Introduction to the tidyverse
The tidyverse is a set of packages which attempts to make R more consistent and more similar to programming languages which were developed by computer scientists rather than statisticians.
You can think of it as a more modern version of R.
Base R or tidyverse?
“Base R” refers to the use of the standard R library. The expression is often used in contrast to the tidyverse.
There are a many things that you can do with either base R or the tidyverse. Because the syntaxes are quite different, it almost feels like using two different languages and people tend to favour one or the other.
Which one you should use is really up to you.
Base R | Tidyverse |
---|---|
Preferred by old-schoolers | Increasingly becoming the norm with newer R users |
More stable | More consistent syntax and behaviour |
Doesn’t require installing and loading packages | More and more resources and documentation available |
In truth, even though the tidyverse has many detractors amongst old R users, it is increasingly becoming the norm.

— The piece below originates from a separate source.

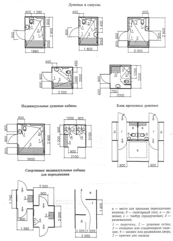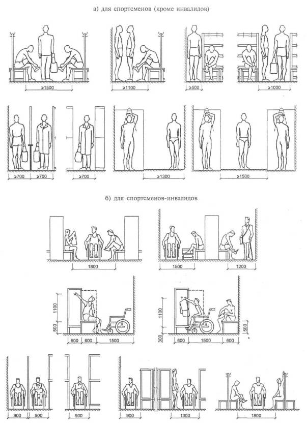 5.13 Схематические планы раздевальных с душевыми и санитарными узлами приведены на рисунке 5.5. Пропускная способность ванны 25´11 м (при оздоровительном плавании) - 48 человек в смену. В каждой из двух (женской и мужской) раздевален размещены 24 места для переодевания, 36 двухъярусных закрытых шкафов для хранения одежды, мойка для ног, сушки для волос, душевая на 8 сеток; санузел с умывальником в шлюзе. Пунктиром показана возможность установки дополнительных мест (скамеек) для переодевания. Пропускная способность ванны бассейна 50´21 м (при оздоровительном плавании) - 120 человек в смену. В каждой из двух (женской и мужской) раздевальных размещены 60 мест для переодевания, 90 двухъярусных закрытых шкафов для хранения одежды, сушки для волос, душевая на 20 сеток; санузел с умывальником в шлюзе. (Поправка). 5.14 Кабины душевых и раздевальных для инвалидов приведены на рисунке 5.6. 5.15 Вспомогательные помещения аквапарка (душевые, раздевальные, санитарные узлы) оборудуются в соответствии с требованиями по оборудованию помещений для плавательных бассейнов. 6 Вспомогательные помещения6.1 Состав вспомогательных помещений бассейна формируется из обязательных (по основной функции) и рекомендуемых дополнительных помещений (приложение А). 6.2 Высота вспомогательных помещений принимается, как правило, равной 3 м. В зависимости от архитектурно-планировочного решения и технологических требований, а также при размещении вспомогательных помещений в подтрибунном пространстве высота помещений может быть уменьшена до: 2,1 м - в выделенной гардеробной верхней одежды; 2,7 м - в остальных помещениях, кроме вестибюлей. 6.3 Площадь вестибюля (без тамбура) определяется из расчета 0,5 м2 на одного занимающегося в смену (но не менее 20 м2) и 0,25 м2 на одно зрительское место. В демонстрационных бассейнах рекомендуется устройство раздельных вестибюлей для занимающихся (соревнующихся) и зрителей. Пути движения занимающихся из вестибюля в раздевальни рекомендуется обособлять от путей движения зрителей. В вестибюлях спортивных и оздоровительных бассейнов, работающих в зимнее время при расчетной температуре наружного воздуха ниже минус 15 °С, должно предусматриваться устройство тамбуров или воздушно-тепловых завес. 6.4 Площадь гардеробной верхней одежды для занимающихся и зрителей определяется из расчета 0,1 м2 на одно место, но не менее 10 м2 (в оздоровительных бассейнах - не менее 6 м2). Расчетное число мест в гардеробной верхней одежды для занимающихся принимается на 300 % пропускной способности смены. В бассейнах без залов или площадок подготовительных занятий площадь принимается 200 % численности смены. Гардеробная для верхней одежды зрителей рассчитывается на 100 % зрительских мест. Глубина гардеробной не должна превышать 6 м. В крытых бассейнах в расчетное число мест следует включать сотрудников, число которых определяется типовыми штатными расписаниями. 6.5 Помещение для родителей, ожидающих детей, площадью 16 -20 м2 желательно размещать смежно с залом ванны для обучения, отделенное от зала остекленной перегородкой с автоматически или вручную управляемой шторкой со стороны зала ванны. Допускается располагать ожидающих родителей в вестибюле на дополнительной площади 0,5 м2 на одно место на 100 % единовременной пропускной способности детской ванны (ванн). Места для верхней одежды роди
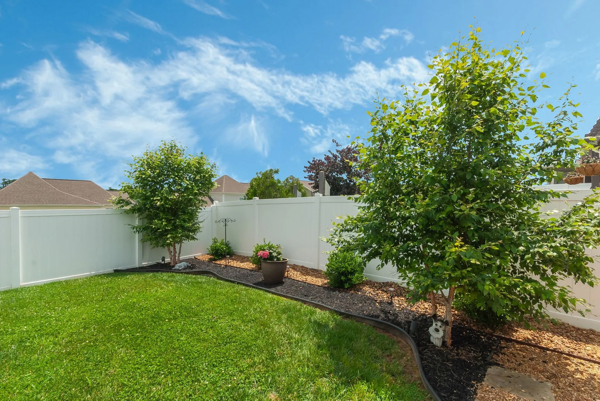 "LongDescription" => "Fenced and thoughtfully landscaped with fresh sod, trees, and drainage — ready for pets, play, or peaceful lounging."

A glimpse of the tidyverse
The best introduction to the tidyverse is probably the book R for Data Science by Hadley Wickham and Garrett Grolemund.
Posit (the company formerly known as RStudio Inc. behind the tidyverse) developed a series of useful cheatsheets. Below are links to the ones you are the most likely to use as you get started with R.
Data import
The first thing you often need to do is to import your data into R. This is done with readr
.
Data transformation
You then often need to transformation your data into the right format. This is done with the packages dplyr
and tidyr
.
Visualization
Visualization in the tidyverse is done with the ggplot2
package which we will explore in the next section.
Working with factors
The package forcats
offers the tidyverse approach to working with factors.
Working with strings
stringr
is for strings.
Working with dates
lubridate
will help you deal with dates.
Functional programming
Finally, purrr
is the tidyverse equivalent to the apply functions in base R: a way to run functions on functions.